World J Gastroenterol. 2002 Aug; 8(4): 679-85.

Clinical observation of salvianolic acid B in treatment of liver fibrosis in chronic hepatitis B.

Liu P, Hu YY, Liu C, Zhu DY, Xue HM, Xu ZQ, Xu LM, Liu CH, Gu HT, Zhang ZQ.

Shanghai University of Traditional Chinese Medicine, Shanghai 200032, China. liuliver@online.sh.cn

AIM: To evaluate the clinical efficacy of salvianolic acid B (SA-B) on liver fibrosis in chronic hepatitis B. METHODS: Sixty patients with definite diagnosis of liver fibrosis with hepatitis B were included in the trial. Interferon-gamma (IFN-gamma) was used as control drug. The patients took orally SA-B tablets or received muscular injection of IFN-gamma in the double blind randomized test.

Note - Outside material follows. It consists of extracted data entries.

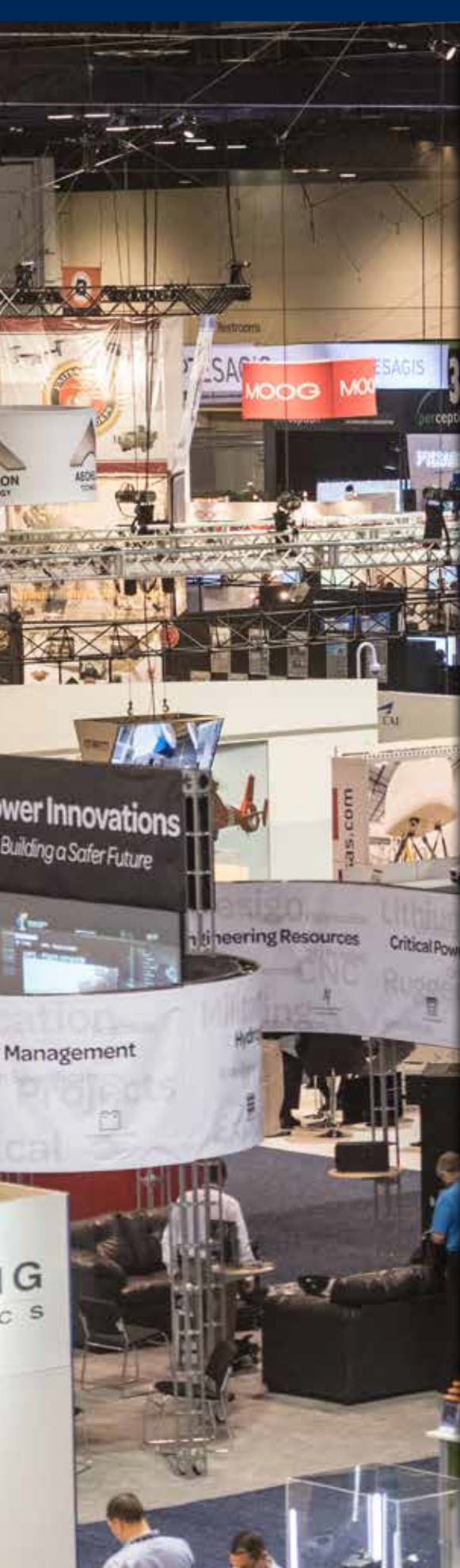
EXHIBIT HALL MARKETING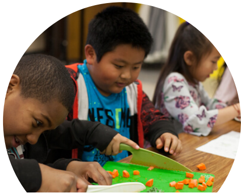
May 7, 2020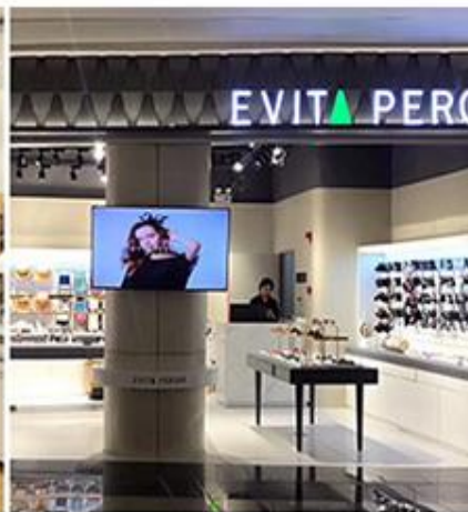
CHINA · FUZHOU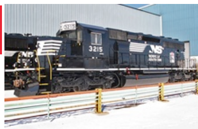
No. 3215 at Altoona on Jan. 30.

Cleveland 2014 WEB Site: www.2014cleveland.org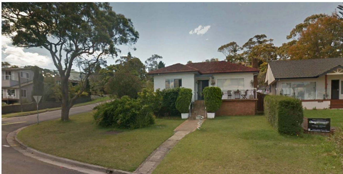
Image 4. A single storey dwelling at 186 Woorarra Avenue

To the immediate South of the subject property, at 186 Woorarra Avenue, a single-storey dwelling exists. Refer to the image 4.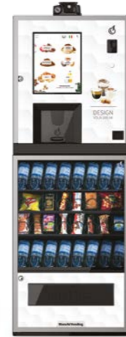
LEI300 EVO 2CUPS + ARIA S 300 cups / ES / Easy, Smart and Touch 15"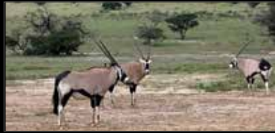
Gemsbok - Kalahari: US$ 850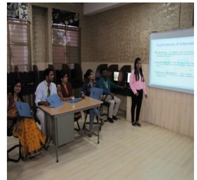
Paper Presentation by students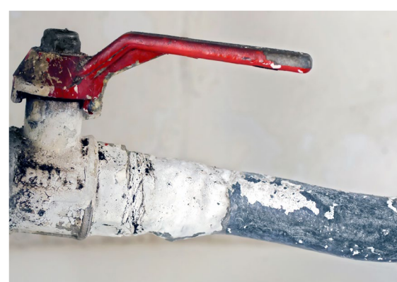
A lead service line carrying water from the street to the home.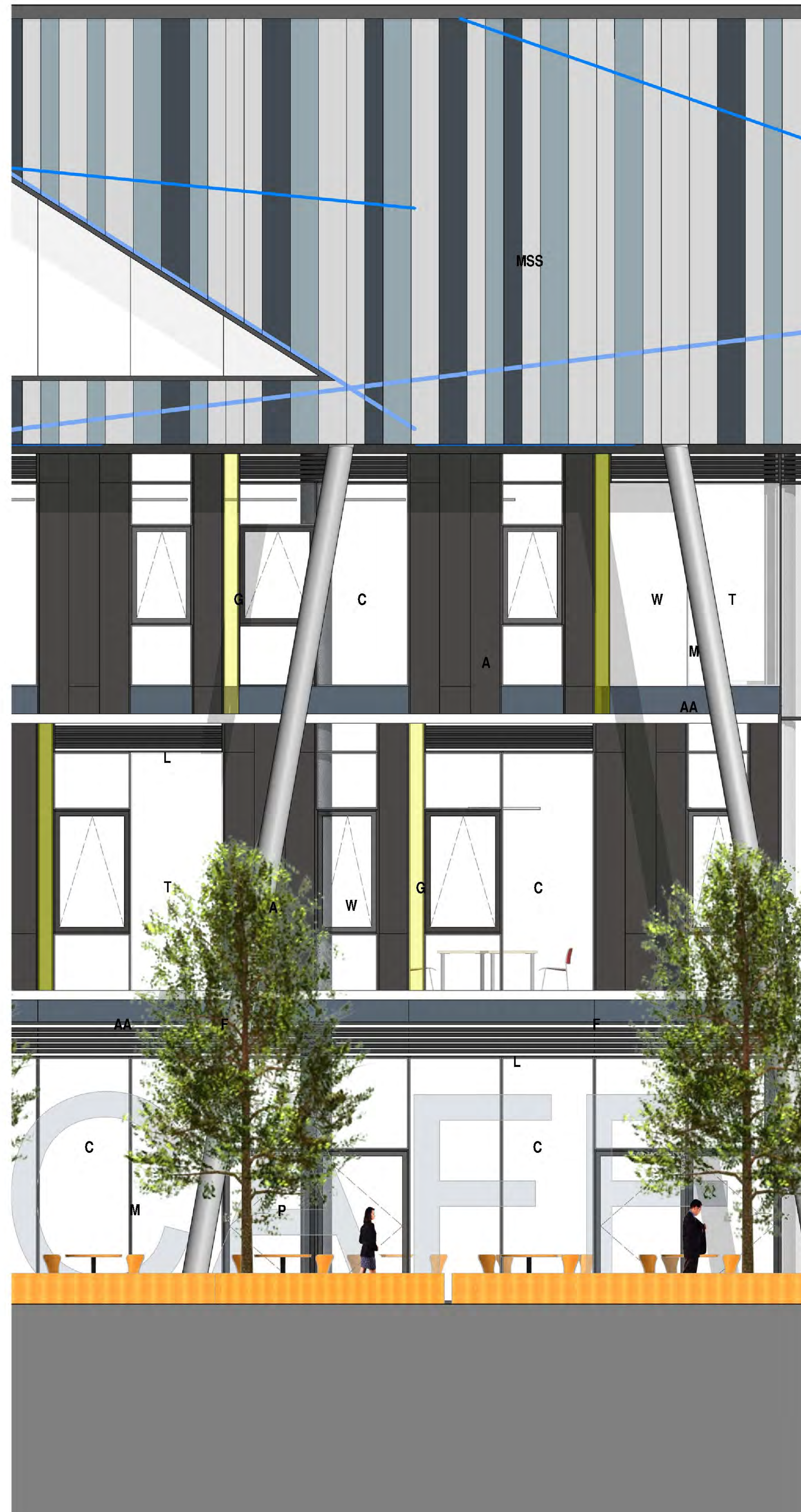
1 WEST ELEVATION - TYPICAL PORTION 1 : 50

The complete course lasted 6 months. The histological changes of liver biopsy specimen before and after the treatment were the main evidence in evaluation, in combination with the results of contents of serum HA, LN, IV-C, P-III-P, liver ultrasound imaging, and symptoms and signs. RESULTS: Reverse rate of fibrotic stage was 36.67 % in SA-B group and 30.0 % in IFN-gamma group. Inflammatory alleviating rate was 40.0 % in SA-B group and 36.67 % in IFN-gamma group. The average content of HA and IV-C was significantly lower than that before treatment. The abnormal rate also decreased remarkably. Overall analysis of 4 serological fibrotic markers showed significant improvement in SA-B group as compared with the IFN-gamma group. Score of liver ultrasound imaging was lower in SA-B group than in IFN-gamma group (HA 36.7 % vs 80 %, IV-C 3.3 % vs 23.2 %). Before the treatment, ALT AST activity and total bilirubin content of patients who had regression of fibrosis after oral administration of SA-B, were significantly lower than those of patients who had aggravation of fibrosis after oral administration of SA-B. IFN-gamma showed certain side effects (fever and transient decrease of leukocytes, occurrence rates were 50 % and 3.23 %), but SA-B showed no side effects. CONCLUSION: SA-B could effectively reverse liver fibrosis in chronic hepatitis B. SA-B was better than IFN-gamma in reduction of serum HA content, overall decrease of 4 serum fibrotic markers, and decrease of ultrasound imaging score. Liver fibrosis in chronic hepatitis B with slight liver injury was more suitable to SA-B in anti-fibrotic treatment. SA-B showed no obvious side effects.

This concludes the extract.